A reaction whose heat of reaction shows the bond energy of \(\mathrm{HCl}\) is (a) \(\mathrm{HCl}(\mathrm{g}) \longrightarrow \mathrm{H}(\mathrm{g})+\mathrm{Cl}(\mathrm{g})\) (b) \(2 \mathrm{HCl}(\mathrm{g}) \longrightarrow \mathrm{Hl}(\mathrm{g})+\mathrm{Cll}(\mathrm{g})\) (c) \(\mathrm{HCl}(\mathrm{g}) \longrightarrow \frac{1}{2} \mathrm{H}_{2}(\mathrm{~g})+\frac{1}{2} \mathrm{Cl}_{2}(\mathrm{~g})\) (d) \(\mathrm{HCl}(\mathrm{g}) \longrightarrow \mathrm{H}^{+}(\mathrm{g}) \longrightarrow \mathrm{Cl}^{-}(\mathrm{g})\)

Bond energy refers to the amount of energy required to break a bond between two covalently bonded atoms. In this case, we want an equation that shows breaking the bond in HCl.

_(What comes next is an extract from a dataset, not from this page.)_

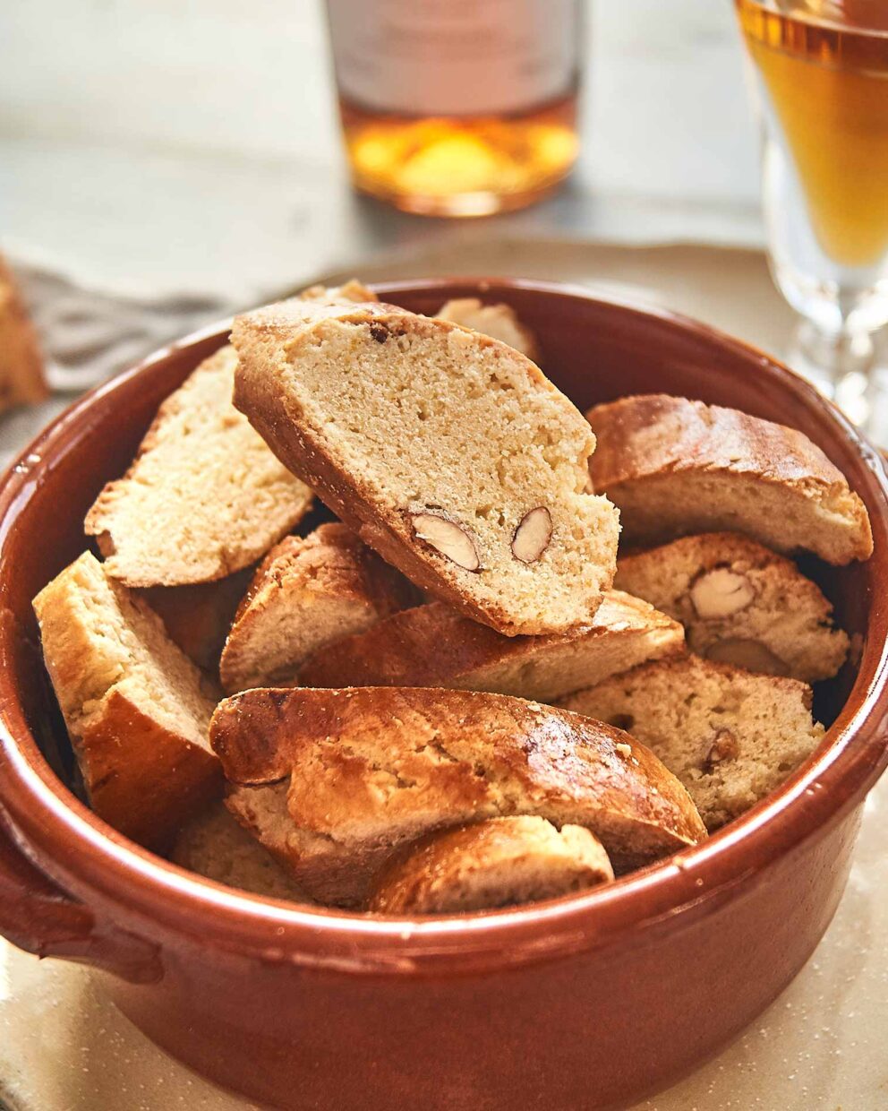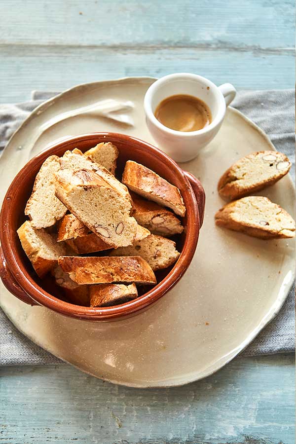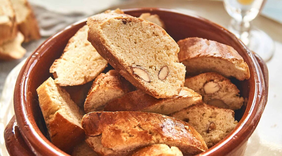 Näitä toscanalaisia mantelikeksejä kastetaan vin santoon ja syödään ympäri vuoden, mutta mantelin tuoksu tuo joulun tunnelman. Cantuccinit, jotka tunnetaan myös nimellä Biscotti di Prato, paistetaan kahdesti.

We examine each of the given reactions individually:(a) \( \mathrm{HCl}(\mathrm{g}) \longrightarrow \mathrm{H}(\mathrm{g})+\mathrm{Cl}(\mathrm{g}) \) - In this reaction, the bond between hydrogen and chlorine is broken to form gaseous hydrogen and chlorine. This reaction shows breaking the bond in HCl.(b) \( 2 \mathrm{HCl}(\mathrm{g}) \longrightarrow \mathrm{Hl}(\mathrm{g})+\mathrm{Cll}(\mathrm{g}) \) - This reaction does not make chemical sense. Since there are no elements named Hl and Cll, we can disregard this option.(c) \( \mathrm{HCl}(\mathrm{g}) \longrightarrow \frac{1}{2} \mathrm{H}_{2}(\mathrm{~g})+\frac{1}{2} \mathrm{Cl}_{2}(\mathrm{~g}) \) - In this reaction, HCl is broken down into half a molecule each of hydrogen and chlorine gas. Physically, there is no such thing as half a molecule, so this reaction is not feasible.(d) \( \mathrm{HCl}(\mathrm{g}) \longrightarrow \mathrm{H}^{+}(\mathrm{g})\longrightarrow \mathrm{Cl}^{-}(\mathrm{g}) \) - This reaction seems to break HCl into a hydrogen and a chloride ion. However, ions do not exist freely in gaseous state. So this option is incorrect.

Based on the analysis, the first reaction is the correct answer. This reaction represents the breaking of the bond in HCl, which gives the bond energy of HCl. The rest of the reactions are either chemically incorrect or physically impossible.